Credit: Curtis Compton / Curtis.Compton@ajc.com
Credit: Curtis Compton / Curtis.Compton@ajc.com
Uncertain supply
Several seniors told The Atlanta Journal-Constitution that with health departments and grocery store pharmacies with vaccines all fully booked, they don’t see how providers will have enough vials left for their second shots next month.
In DeKalb, the health department has had to improvise to make sure it can administer the second doses to the roughly 8,000 people the agency has vaccinated with a first dose.
After federal officials last week admitted it had no doses in reserve, the uncertainty around the vaccine supply led the county to hold back some doses to have enough vaccine to give the second shots, said Dr. S. Elizabeth Ford, the county’s public health director.
“Everyone is trying their best, but we’re all operating in a dark cloud,” Ford said. “The lack of knowledge means we have no idea what’s coming and how it’s going to be distributed.”
The department is now scheduling appointments for the second dose at the time patients receive the first shot, she said. But there still can be barriers.
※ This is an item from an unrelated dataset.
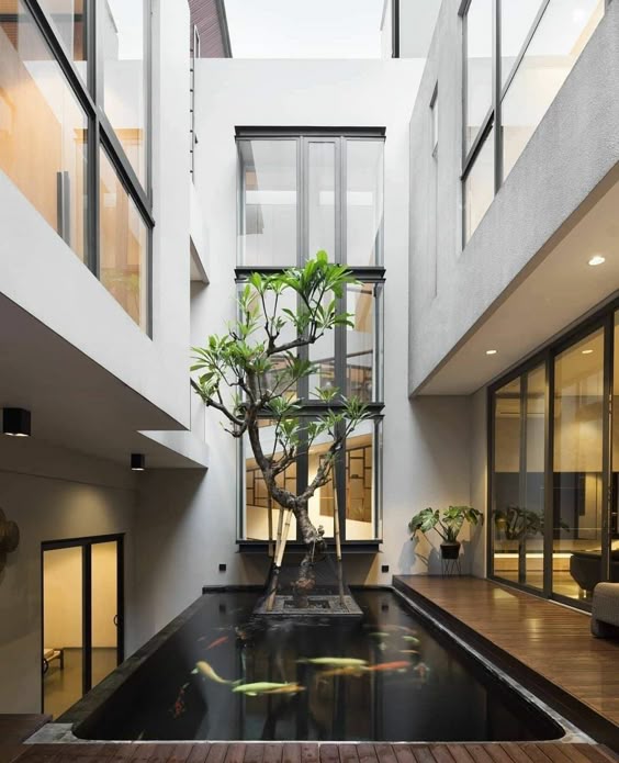 Kolam ikan minimalis ini juga terlihat sederhana tanpa banyak polesan sama sekali. Namun, penambahan platform kayu di sekelilingnya bisa menjadi nilai tambah yang efektif dan membuat suasana semakin hangat.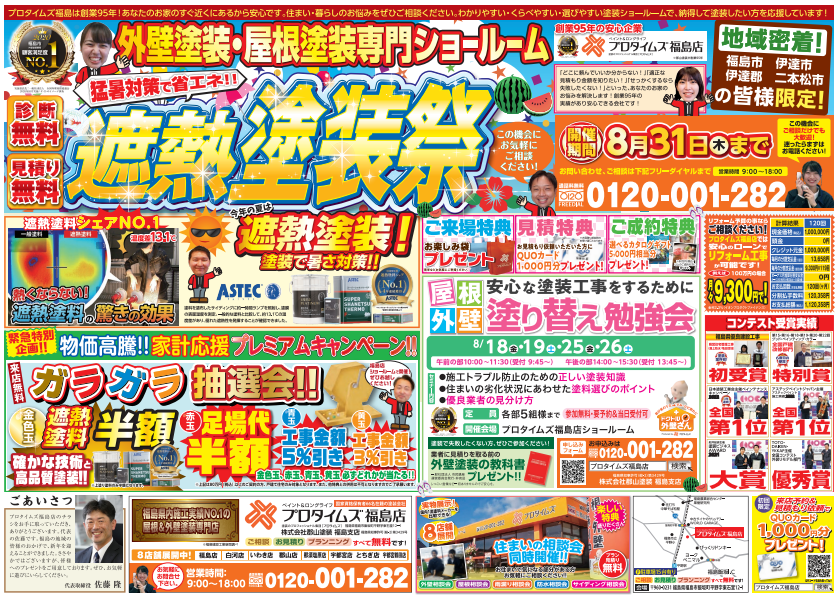 | お問い合わせ | 【プロタイムズ福島店 ㈱郡山塗装】 お問い合わせ番号:0120-001-282 WEBからのお問い合わせも可能です。 https://protimes-fukushima.com/contact/ |

Cheryl Etheridge was among hundreds on Friday who got shots at DeKalb’s drive-thru vaccination site in Doraville. Afterward, a nurse tried to schedule the follow-up appointment, but the website was down and Ethridge was unable to secure the appointment before she left. The nurse sent her a link, but Etheridge has been trying in vain ever since to schedule the second shot.
“I don’t understand, unless they rushed into this, why when I filled out a registration form for the first appointment, why did it not automatically book me for 28 days out?” said Etheridge, 77.
Ted M. Ross, director of the University of Georgia’s Center for Vaccines and Immunology, said the vaccine should be effective as long as people get the second shot within a week or so of the target date. The announcement that there isn’t a stockpile of vaccine for the second dose has led to a bit of a panic, he said.
“People are very angry,” he said. “Maybe we wouldn’t have rolled out the vaccine the way we did if we had known there wasn’t a stockpile. But what that’s doing is putting a lot of faith in the manufacturers to make the vaccine as fast as they can to make sure we don’t run out.”
Credit: HYOSUB SHIN / AJC
Credit: HYOSUB SHIN / AJC
The one-dose hazard
Some experts say partial protection can be had with just one dose. Emory University global health professor Dr. Carlos del Rio said studies show the first shot offers 60% to 80% protection against COVID-19, though getting the second dose is preferable.
But clinical trials of the vaccines last year did not study a one-shot regimen in depth, and the U.S. Food and Drug Administration and other experts say they don’t know how long protection from a single dose would last. The FDA has strongly recommended that its authorization terms, with the 21- or 28-day boosters, be followed.
Georgia has administered about 22,300 second doses of the vaccine, according to Centers for Disease Control and Prevention data. That’s a tiny fraction of the 485,000 doses that the state vaccine dashboard shows Georgia providers have administered so far.
As of Tuesday, Georgia’s rate of second vaccinations — 210 per 100,000 residents — was the second-lowest rate of any state, the CDC data shows. Only Ohio had a lower rate, with 116 per 100,000 residents.
At the appropriations hearing Tuesday, Commissioner Toomey blamed the problems in part on not getting enough doses. “The hang-up now is the allocation is so slow,” Dr. Toomey said. “We’ve been getting 80,000 doses a week and that’s not much for a state with 11 million people.”
She also said that 800 doses of the Moderna vaccine arrived in Georgia yesterday already thawed out. Once thawed, the vaccines must be used in a few hours.
Toomey acknowledged “tremendous frustration” in making appointments, saying the performance of its 18 call centers hasn’t been “optimal.” She said her department thought the same web-based system used to make appointments for COVID tests would work for vaccine appointments, but demand proved too overwhelming.
Staff Writer Alan Judd contributed to this story.